The methods that support multi-label dimensional responses are:

  • least squares -- Simple $L_2$ regression without any extra features.
  • elastic net -- $L_2$ regression with both $L_1$ and $L_2$ regularization terms.
  • lasso -- $L_2$ regression with an extra $L_1$ regularization term, and a preference for fewer non-zero terms.
  • lasso lars -- An implementation of lasso meant for high dimensional data.
  • orthogonal matching pursuit -- $L_2$ regression with enforced number of non-zero terms.
  • ridge -- $L_2$ regression with an $L_2$ regularization term.

In [8]:
multivariate_models = {
    "least squares": lm.LinearRegression(**kws),
    "elastic net": lm.MultiTaskElasticNet(alpha=0.2, **kws),
    "lasso": lm.MultiTaskLasso(alpha=0.2, **kws),
    "lasso lars": lm.LassoLars(alpha=0.2, **kws),
    "orthogonal matching pursuit": lm.OrthogonalMatchingPursuit(
        n_nonzero_coefs=3, **kws),
    "ridge": lm.Ridge(alpha=0.2, **kws),
}

To illustrate the difference between the methods, we do the simple error analysis:


In [9]:
import warnings
warnings.filterwarnings("ignore", category=RuntimeWarning)

expansion = chaospy.orth_ttr(2, distribution)
samples = distribution.sample(50)
evals = numpy.array([exponential_model(sample)
                     for sample in samples.T])

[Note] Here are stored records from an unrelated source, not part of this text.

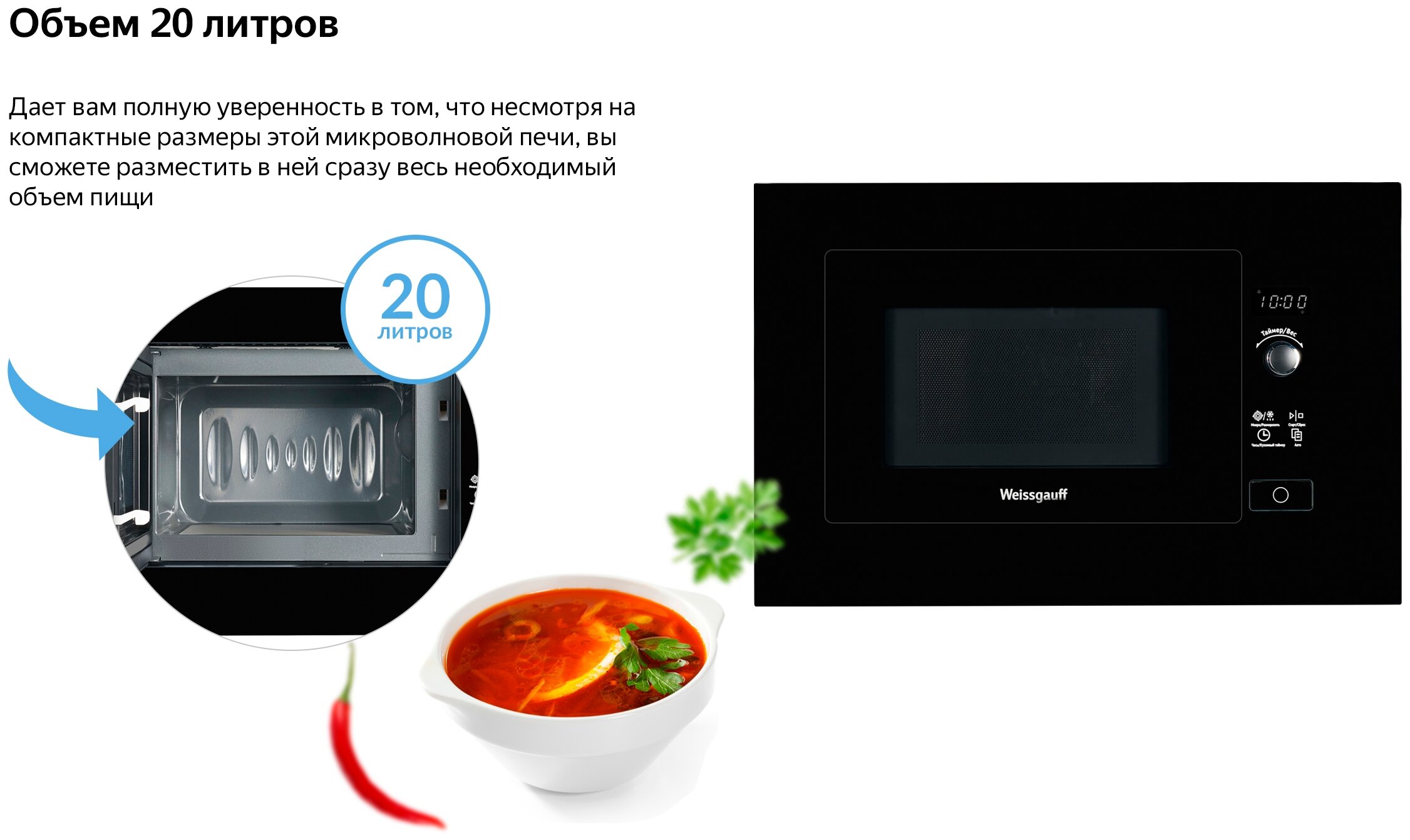 соло (без гриля и конвекции), объем 20 л, мощность микроволн 700 Вт, автоматические режимы: разморозка, приготовление, система равномерного распределения микроволн, размеры (ШxВxГ): 59.4x39x29.3 cм, цвет корпуса: черный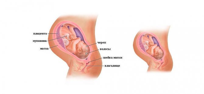 На этом сроке организм женщины активно готовится к родовому процессу. Основные изменения, конечно же, происходят в матке, возвышающейся над лобковым сочленением примерно на 40 см. Это проявляется в укорачивании и размягчении шейки матки. Ведь скоро через нее будет проходить малыш, который не должен получить травм.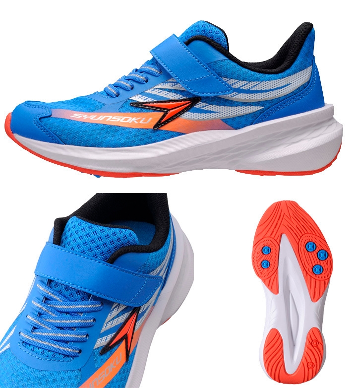 画像左 ハヤブサ、瞬足 JJ-171、ブルー、4,730円(税込)、16.0~23.0cm(ハーフサイズあり:2.5E)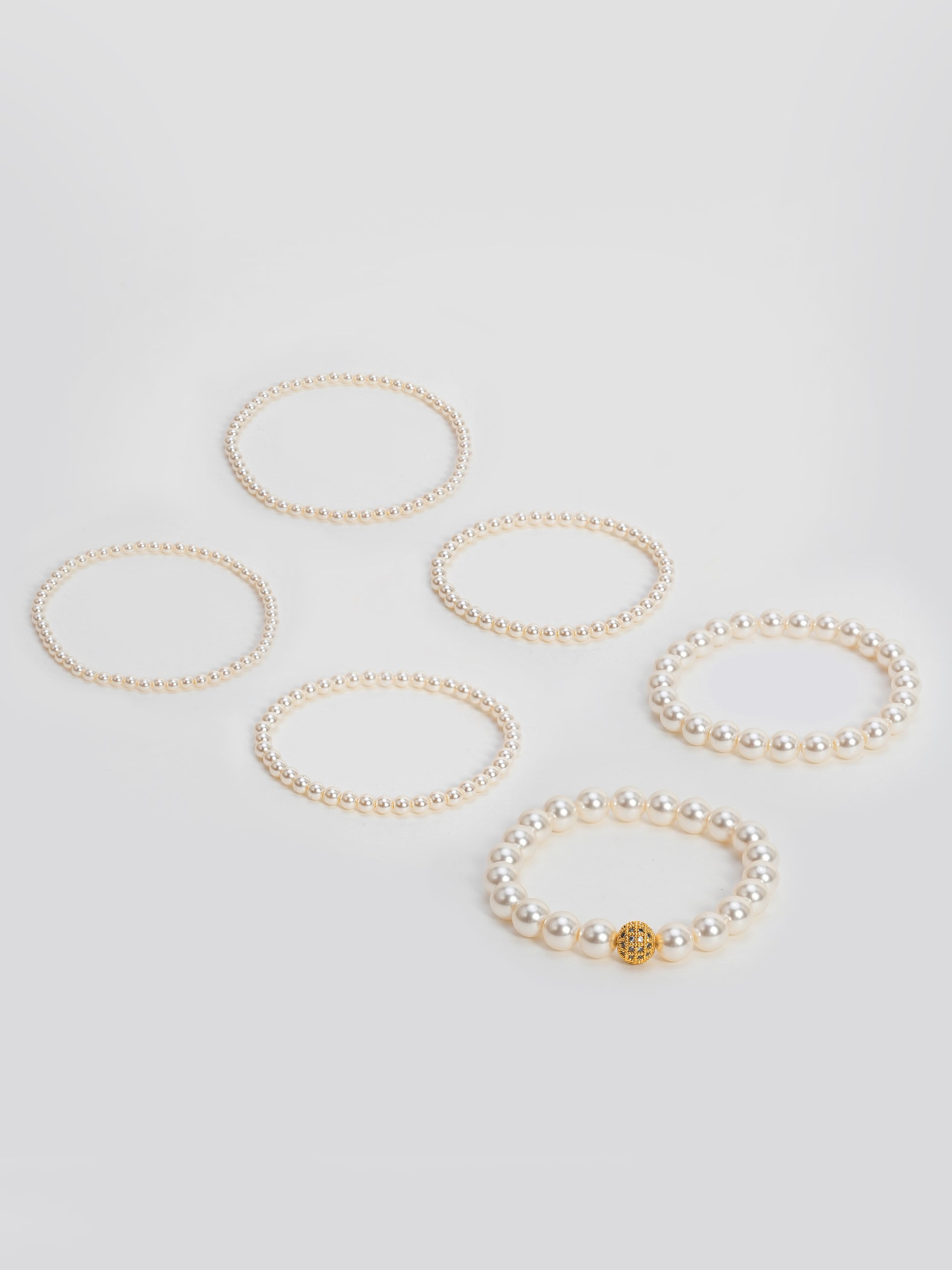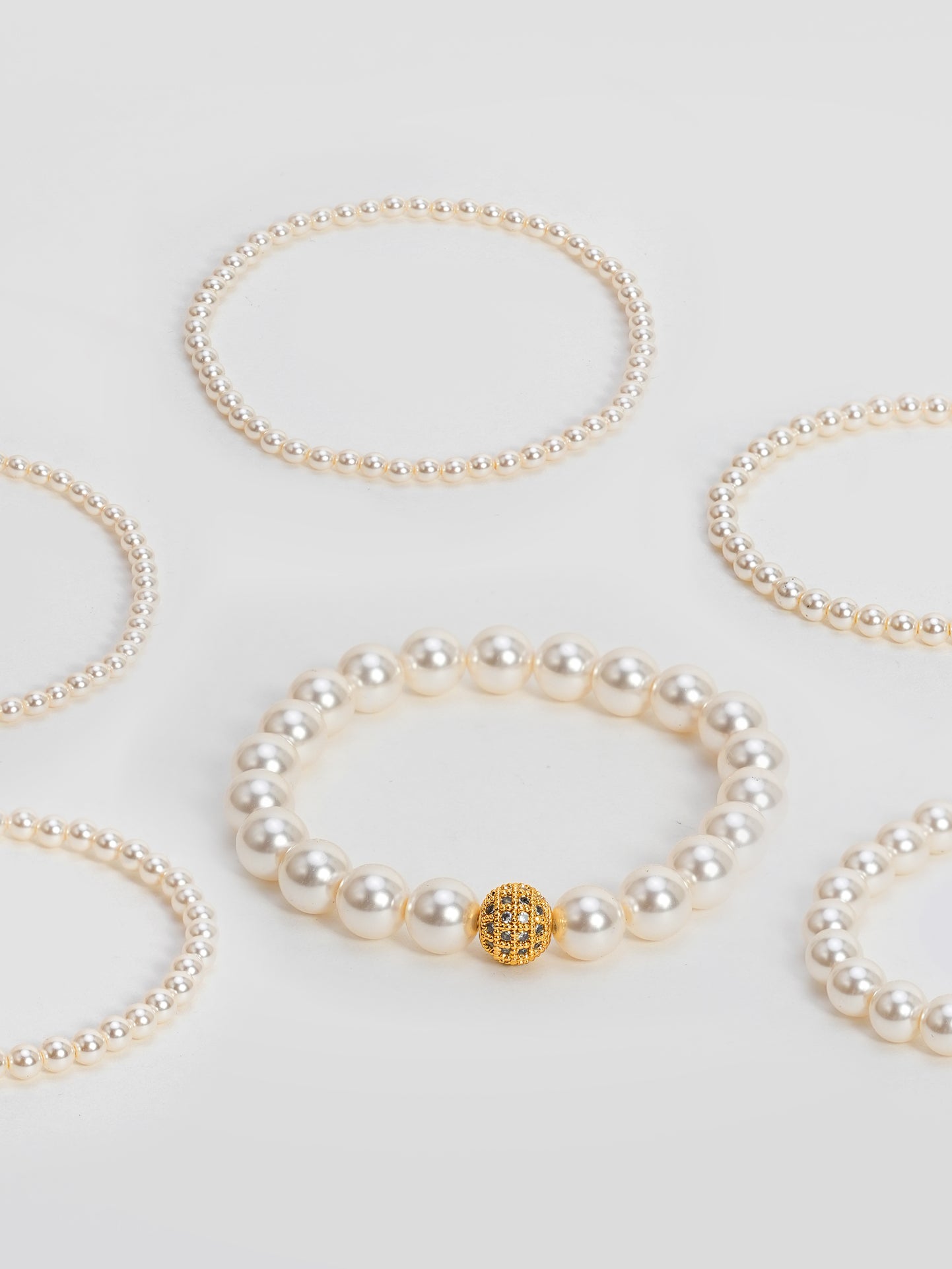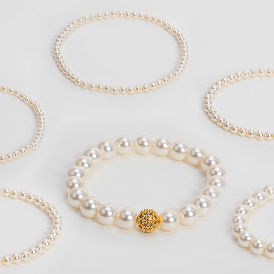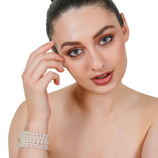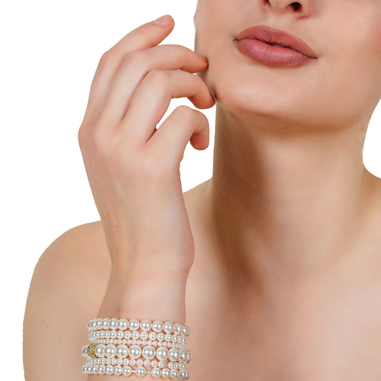 Make a bold yet timeless statement with the Regalia Pearl Cuff, a refined piece designed for lovers of classic elegance. Featuring premium crystal pearls in a multi-strand design, this bracelet wraps around your wrist to form a cuff-like effect that’s both sophisticated and striking. A single pave-detailed bead adds a hint of sparkle—perfect for festive occasions or everyday grace.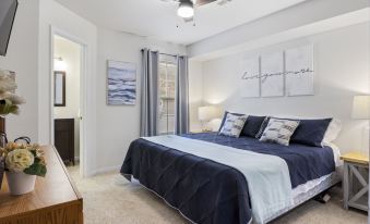 The second bedroom features a king-sized bed, nightstands, dresser, and a bar-height work table.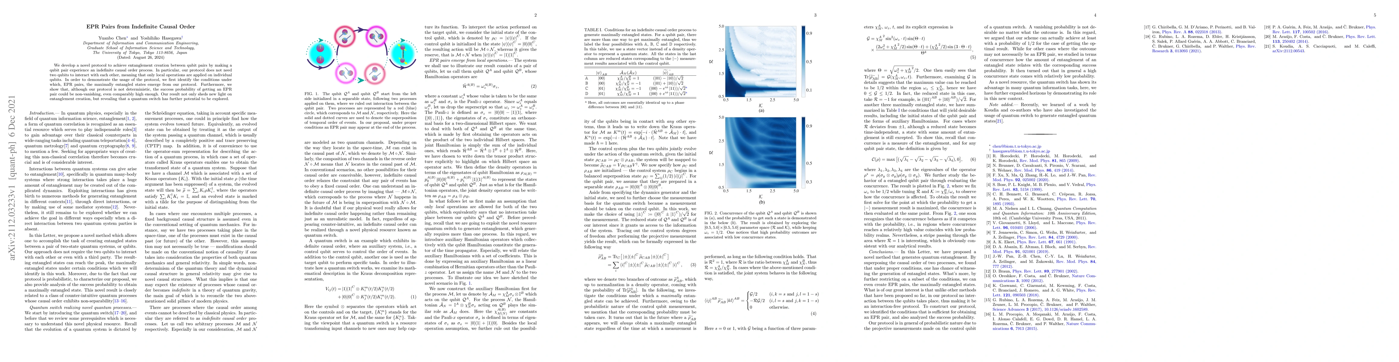 This paper proposes a protocol for creating EPR pairs through indefinite causal order without requiring direct interaction between qubits, relying solely on local operations. It demonstrates conditions for generating maximally entangled states and highlights the potential for high success probabilities, suggesting new avenues for entanglement creation and quantum switching.
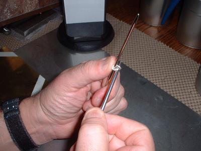 The end loops of the bowtie are now parallel. A second mandrel, 3.5 mm in diameter, is passed through the parallel loops.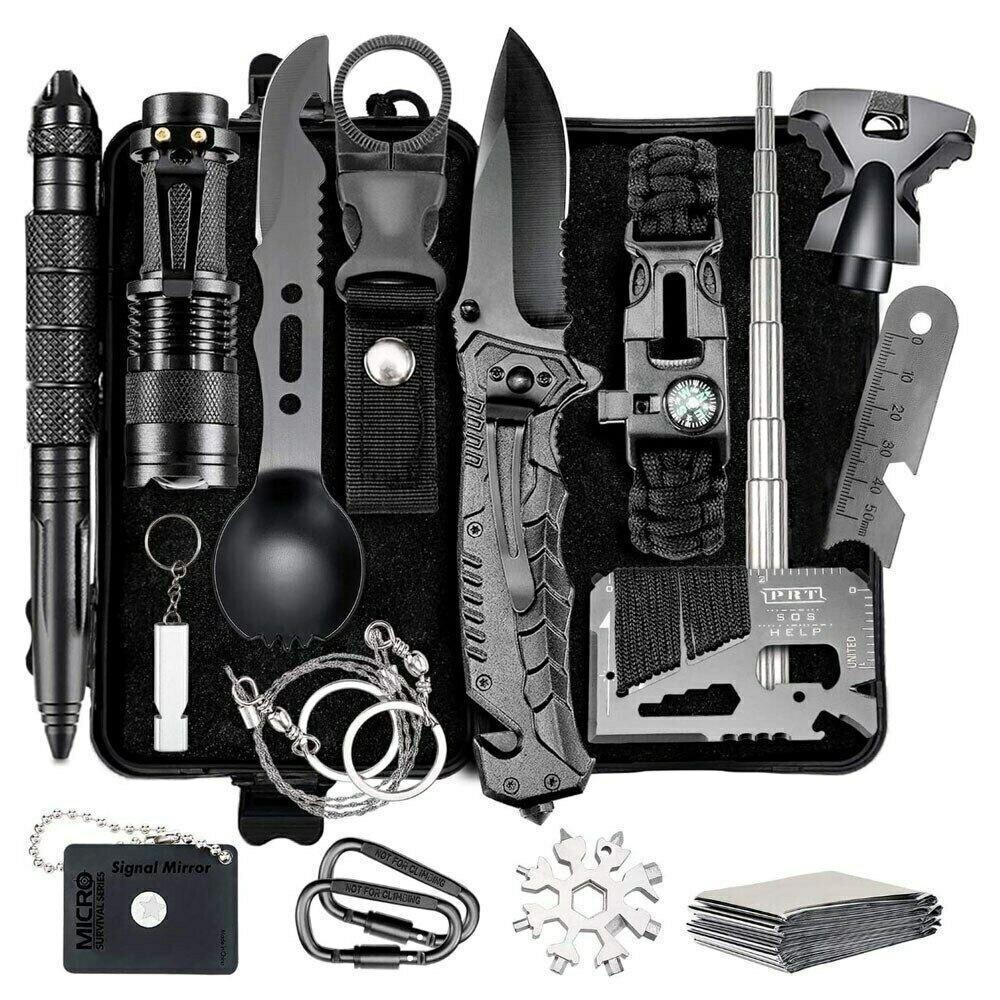 Un set complet de echipamente pentru activitati outdoor si situatii de urgenta, acest kit de supravietuire multifunctional este conceput pentru camping, drumetii, explorare sau escalada. Trusa contine instrumente utile pentru orientare, iluminare, taiere, semnalizare si alte activitati necesare in natura.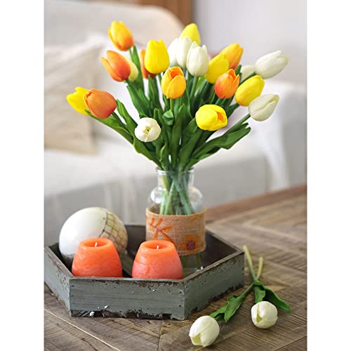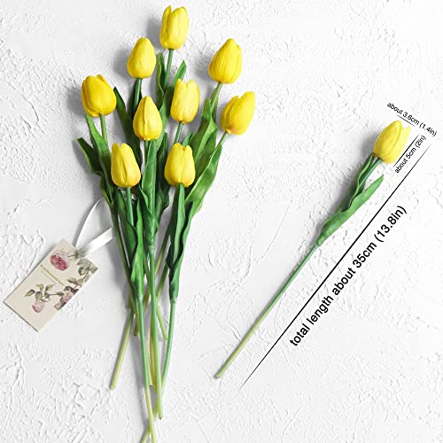 FiveSeasonStuff 10 pezzi Tocco Realistico Tulipani Artificiale Mazzo di Fiori, Ideale per Matrimoni, Sposa, Partito, Casa, Studio Décor Fai da te (Giallo)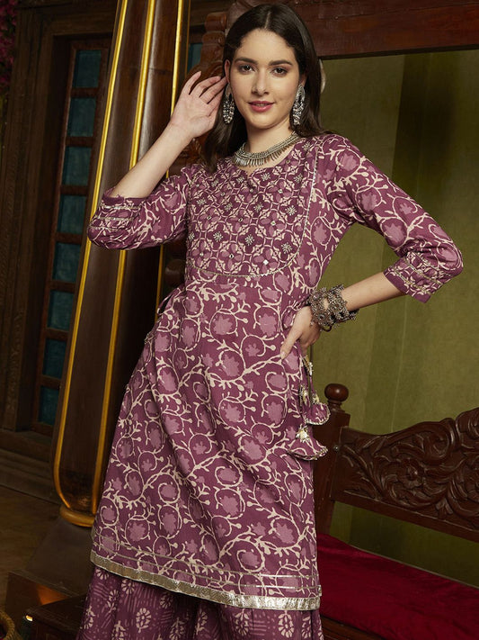 Dhiyona SN Women's Floral Printed Pleated Mirror Work Pure Cotton Kurta with Sharara & Dupatta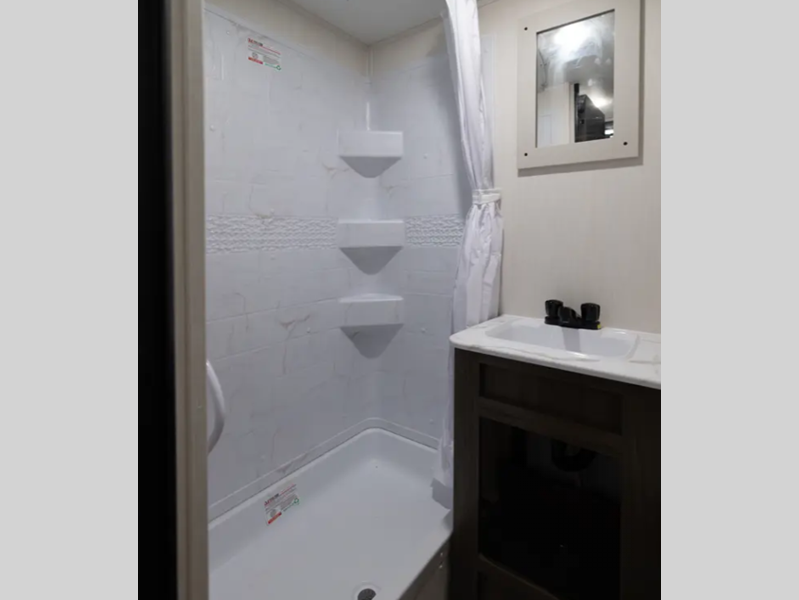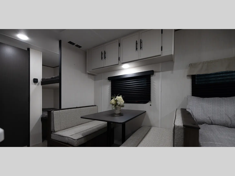 Sleeps 5 Slides 1 Length 22 ft 5 in Ext Width 7 ft 4 in Ext Height 10 ft 10 in Hitch Weight 565 lbs Dry Weight 4034 lbs Cargo Capacity 931 lbs Fresh Water Capacity 42 gals Grey Water Capacity 34 gals Black Water Capacity 34 gals Number Of Bunks 2 Available Beds Camp Queen Bed Refrigerator Type 12V Refrigerator Size 10.6 cu ft Cooktop Burners 2 Number of Awnings 1 Water Heater Type Tankless On Demand AC BTU 13500 btu Awning Info 10' Power Axle Count 1 Shower Type Standard Electrical Service 30 amp Similar Floorplans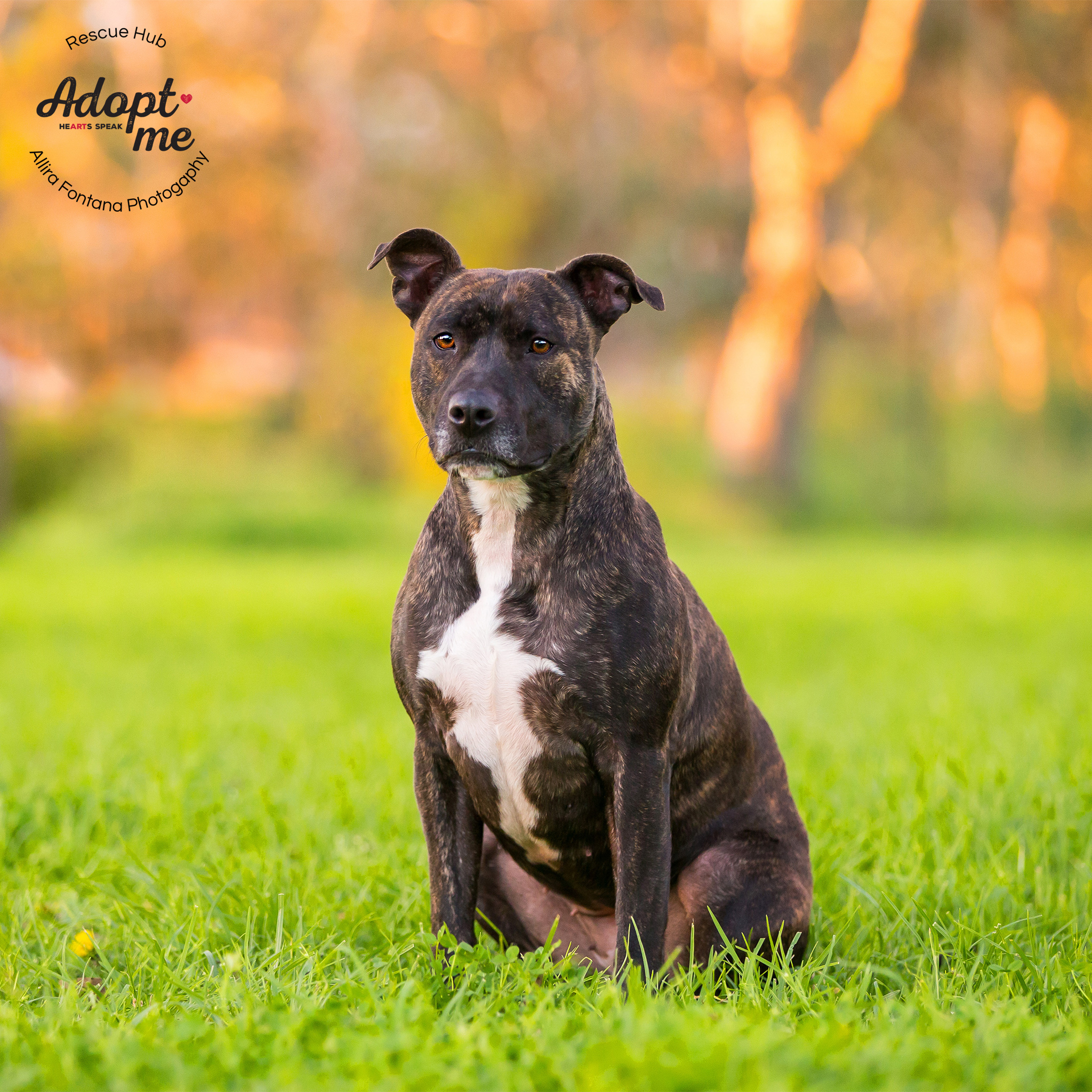 This gorgeous 2 year old American Staffy is a bundle of love! She absolutely adores people of all ages, and has so much love to give. She loves to play with her humans and toys. Although she does love to play, of course, she's also a major chiller and likes to hang out and relax a lot of the day. She doesn't bark and is house trained. She is very obedient and can sit, drop her toy and wait on command (for food, treats, and toys). She also waits politely for permission before hopping onto any furniture so she will not be jumping onto any couches or beds uninvited. She doesn't beg for food or jump up while you're eating either.

for label, model in multivariate_models.items():
    
    fitted_polynomial, coeffs = chaospy.fit_regression(
        expansion, samples, evals, model=model, retall=True)
    self_evals = fitted_polynomial(*samples)
    error_mean_ = error_mean(chaospy.E(
        fitted_polynomial, distribution))
    error_var_ = error_variance(chaospy.Var(
        fitted_polynomial, distribution))
    count_non_zero = numpy.sum(numpy.any(coeffs, axis=-1))
    
    print(f"{label:<30} {error_mean_:.5f} " +
          f"{error_var_:.5f} {count_non_zero}")


least squares                  0.00003 0.00000 6
elastic net                    0.08373 0.02085 2
lasso                          0.01386 0.01541 2
lasso lars                     0.21168 0.02121 1
orthogonal matching pursuit    0.00114 0.00060 3
ridge                          0.00819 0.00936 6

It is worth noting that as some of the method removes coefficients, it can function at higher polynomial order than the saturate methods.